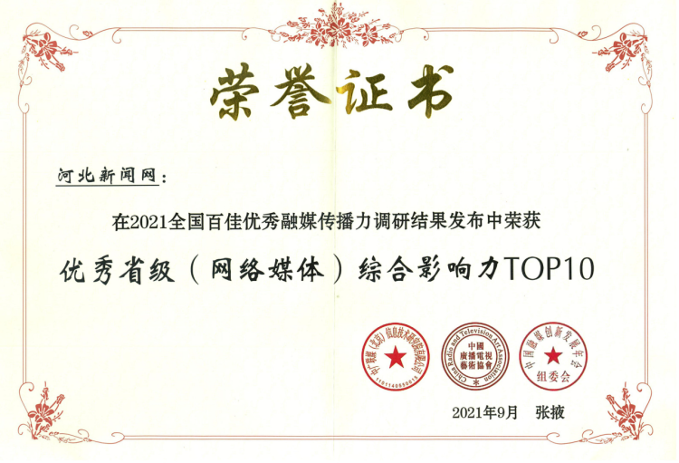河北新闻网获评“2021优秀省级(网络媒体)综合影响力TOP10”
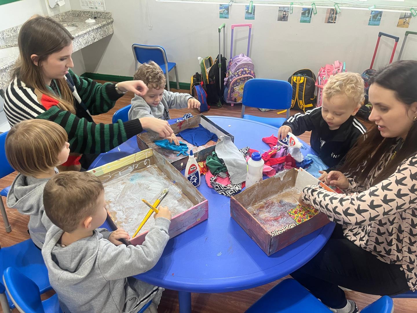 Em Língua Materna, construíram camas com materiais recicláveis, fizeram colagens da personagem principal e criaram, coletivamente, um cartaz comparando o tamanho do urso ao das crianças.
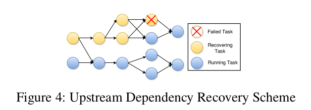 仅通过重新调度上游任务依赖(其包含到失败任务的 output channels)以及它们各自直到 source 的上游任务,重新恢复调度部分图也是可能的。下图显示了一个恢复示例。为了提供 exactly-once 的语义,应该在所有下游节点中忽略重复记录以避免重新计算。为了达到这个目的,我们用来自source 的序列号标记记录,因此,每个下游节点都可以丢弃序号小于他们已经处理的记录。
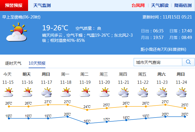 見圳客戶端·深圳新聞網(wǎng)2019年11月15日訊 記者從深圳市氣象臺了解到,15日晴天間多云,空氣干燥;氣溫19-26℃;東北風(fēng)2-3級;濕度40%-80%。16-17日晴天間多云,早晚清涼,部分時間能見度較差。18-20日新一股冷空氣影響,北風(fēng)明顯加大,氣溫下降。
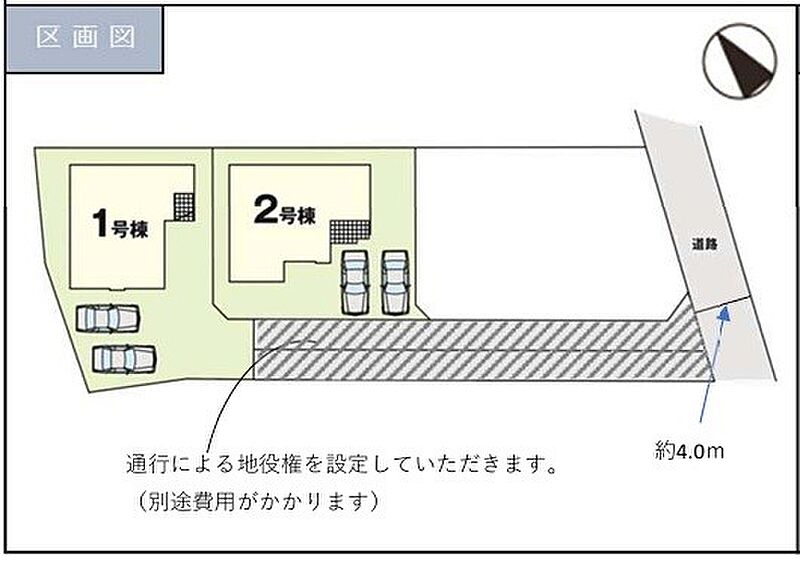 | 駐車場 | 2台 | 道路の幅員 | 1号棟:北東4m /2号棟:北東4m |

---

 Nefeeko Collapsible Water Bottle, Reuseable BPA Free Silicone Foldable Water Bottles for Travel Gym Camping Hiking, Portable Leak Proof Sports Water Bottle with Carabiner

- _Work instructions_
Nothing but the lines from the one containing "仅通过重新调度上游任务依赖(其包含到失败任务的 output channels)以及它们各自直到" through the one containing "1号棟:北東4m /2号棟:北東4m |" should appear, copied exactly from the material above and without pictures.

- _Your response_
 仅通过重新调度上游任务依赖(其包含到失败任务的 output channels)以及它们各自直到 source 的上游任务,重新恢复调度部分图也是可能的。下图显示了一个恢复示例。为了提供 exactly-once 的语义,应该在所有下游节点中忽略重复记录以避免重新计算。为了达到这个目的,我们用来自source 的序列号标记记录,因此,每个下游节点都可以丢弃序号小于他们已经处理的记录。
 見圳客戶端·深圳新聞網(wǎng)2019年11月15日訊 記者從深圳市氣象臺了解到,15日晴天間多云,空氣干燥;氣溫19-26℃;東北風(fēng)2-3級;濕度40%-80%。16-17日晴天間多云,早晚清涼,部分時間能見度較差。18-20日新一股冷空氣影響,北風(fēng)明顯加大,氣溫下降。
 | 駐車場 | 2台 | 道路の幅員 | 1号棟:北東4m /2号棟:北東4m |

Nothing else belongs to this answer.